Any help would be greatly appreciated.

1
Could you provide a couple of data frames so we can work on them? you should also explain what exactly you want the output to be. Is it a list of unique values in a field common to all the DFs? - Pablo Herreros Cantis
With myfiles = lapply(temp, FUN = scan, what = character()) the lapply/setdiff loop will work and it's much faster. - Rui Barradas

1 Answers

0
votes

Here is an approach. First, provide reproducible data:

set.seed(42)
myfiles <- replicate(2, sample(LETTERS, 25, replace=TRUE), simplify=FALSE)
myfiles
# [[1]]
#  [1] "Q" "E" "A" "Y" "J" "D" "R" "Z" "Q" "O" "X" "G" "D" "Y" "E" "N" "T" "Z" "R" "O" "C" "I" "Y" "D" "E"
# 
# [[2]]
#  [1] "M" "E" "T" "B" "H" "C" "Z" "A" "J" "X" "K" "O" "V" "Z" "H" "D" "D" "V" "R" "M" "E" "D" "B" "X" "R"

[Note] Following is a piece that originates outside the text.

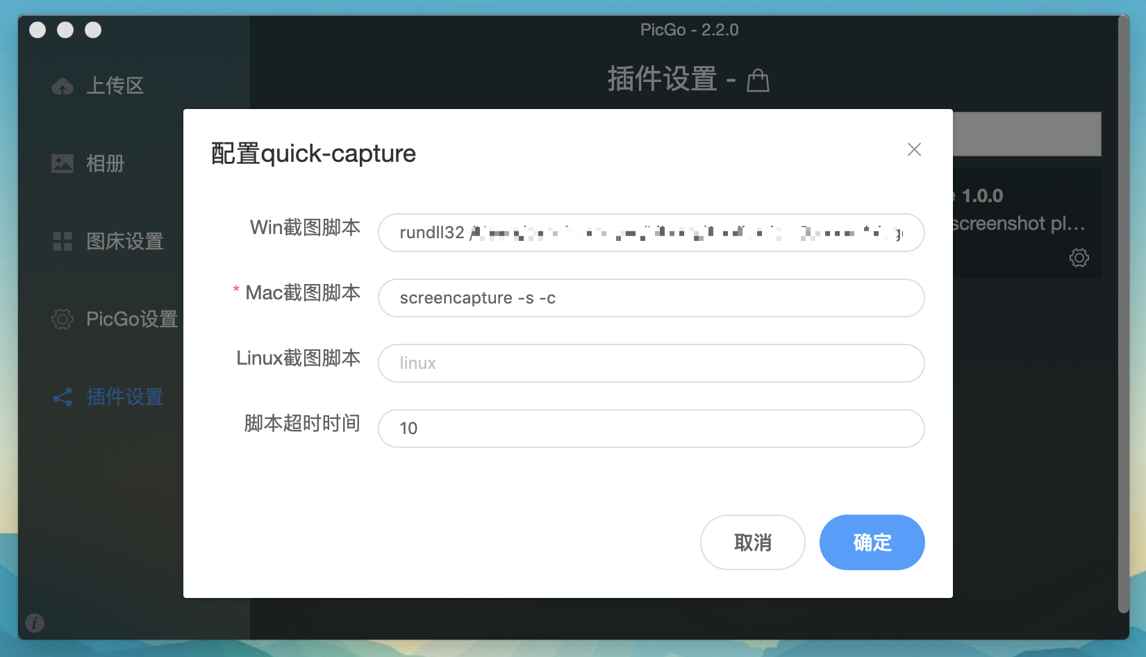 The plugin is configured with screenshot scripts for Windows and MacOS by default. You can also configure your favorite screenshot script.

Now find the unique values:

result <- lapply(myfiles, unique)
result
# [[1]]
#  [1] "Q" "E" "A" "Y" "J" "D" "R" "Z" "O" "X" "G" "N" "T" "C" "I"
# 
# [[2]]
#  [1] "M" "E" "T" "B" "H" "C" "Z" "A" "J" "X" "K" "O" "V" "D" "R"

Or this will sort them for easier comparison:

result2 <- lapply(myfiles, function(x) sort(unique(x)))